Il caso recente del RSV, che durante la pandemia ha modificato in modo atipico il proprio calendario epidemico, dimostra quanto i cambiamenti ambientali e sociali possano alterare le dinamiche di diffusione dei virus respiratori. Integrare variabili climatiche – come temperatura media, umidità e precipitazioni – nei modelli predittivi rappresenta una delle sfide centrali per la programmazione sanitaria dei prossimi anni.

Oltre il clima: l’effetto dell’antropizzazione
 

Il cambiamento climatico è solo uno degli elementi che stanno modificando lo scenario globale delle infezioni respiratorie. Un ruolo crescente lo gioca anche l’antropizzazione, ovvero l’espansione delle attività umane negli ambienti naturali, con conseguente alterazione degli equilibri ecologici.
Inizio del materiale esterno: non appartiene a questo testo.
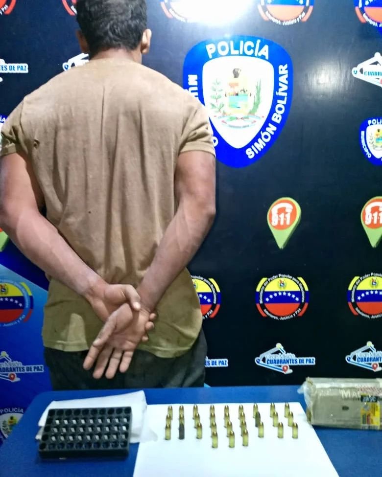 Es en vista de que no pudo justificar la procedencia de las municiones colectadas en el área, se procedió a su detención y traslado a la sede policial, donde quedó a la orden de la Fiscalía del Ministerio Público/ Nota PoliSimónBolívar.
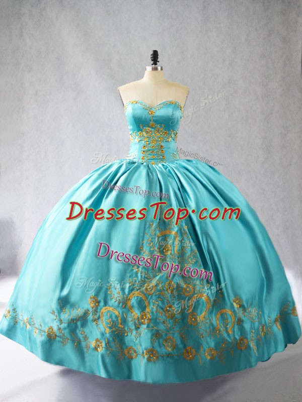 Sleeveless Lace Up Floor Length Embroidery Sweet 16 Dresses
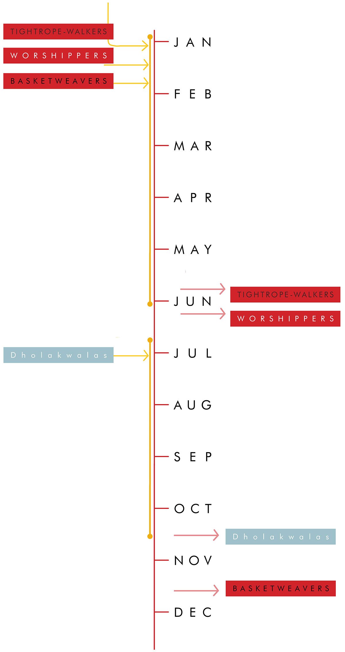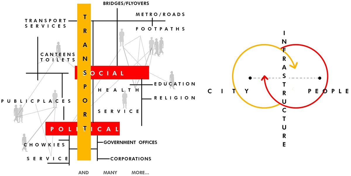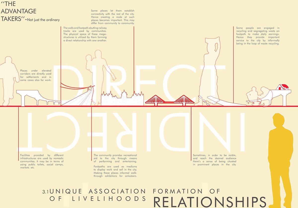 These communities are often seen using the city’s various infrastructures for purposes other than those for which they were intended. Observations include railway stations, the undersides of flyovers serving as shelter, streets serving as marketplaces or exhibition areas for their products, roadside learning serving as a permanent form of schooling, etc. Surprisingly, these communities not only pursue their self interests but also support the vitality of the city by providing services like informal recycling, entertainment, leisure, and the formation of commercial chains. Strategic livelihood linkages form a symbiotic relationship with Mumbai’s urban fabric.
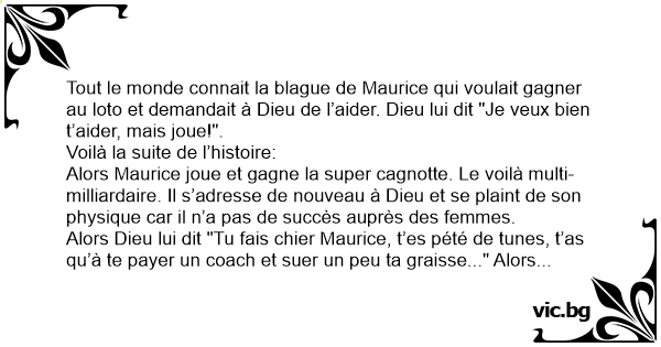 Tout le monde connait la blague de Maurice qui voulait gagner au loto et demandait à Dieu de l’aider. Dieu lui dit "Je veux bien t’aider, mais joue!".

«L’uomo sta progressivamente occupando spazi prima incontaminati e questo aumenta le occasioni di contatto con virus che circolano in animali selvatici. Così facendo, creiamo condizioni favorevoli per il cosiddetto salto di specie, ovvero il passaggio di nuovi agenti patogeni all’uomo» spiega il professor Pierluigi Lopalco, epidemiologo presso l’Università del Salento.

Non si tratta di un rischio ipotetico, ma di un fenomeno già osservato più volte. 
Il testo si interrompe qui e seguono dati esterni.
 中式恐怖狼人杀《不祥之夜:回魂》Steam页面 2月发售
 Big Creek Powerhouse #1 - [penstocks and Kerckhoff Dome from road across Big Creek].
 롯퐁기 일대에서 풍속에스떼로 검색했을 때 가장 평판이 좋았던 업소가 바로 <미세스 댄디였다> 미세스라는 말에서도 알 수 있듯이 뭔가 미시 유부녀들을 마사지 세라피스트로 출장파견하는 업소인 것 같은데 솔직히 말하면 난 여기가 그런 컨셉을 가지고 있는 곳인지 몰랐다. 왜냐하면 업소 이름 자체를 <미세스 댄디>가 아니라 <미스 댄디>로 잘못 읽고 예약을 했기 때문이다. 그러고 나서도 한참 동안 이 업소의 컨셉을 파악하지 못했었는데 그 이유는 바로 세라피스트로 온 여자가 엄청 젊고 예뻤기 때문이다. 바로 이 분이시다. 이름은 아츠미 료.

«Negli ultimi decenni – aggiunge Lopalco – abbiamo assistito all’emergere di numerosi virus di origine zoonotica. Dall’HIV al SARS-CoV-1, fino al SARS-CoV-2, passando per MERS e altri coronavirus: sono tutti esempi di come l’alterazione degli ecosistemi e la pressione antropica favoriscano la comparsa di nuove infezioni».

Il risultato è un ulteriore elemento di complessità in uno scenario già reso più instabile dal cambiamento climatico e dall’inquinamento. La coesistenza di questi fattori rende necessario un approccio sempre più integrato e globale alla prevenzione delle infezioni emergenti.

Pierluigi Lopalco
Epidemiologo presso l’Università del Salento.

Un approccio integrato

La sfida delle infezioni respiratorie, amplificata dalle trasformazioni climatiche e ambientali, richiede oggi un approccio sempre più integrato: monitoraggio costante, modelli previsionali aggiornati, strategie vaccinali flessibili e una costante attenzione verso le popolazioni più vulnerabili. Comprendere questi meccanismi significa essere in grado non solo di curare, ma di prevenire in modo più efficace ciò che il clima, l’ambiente e l’evoluzione sociale stanno già modificando.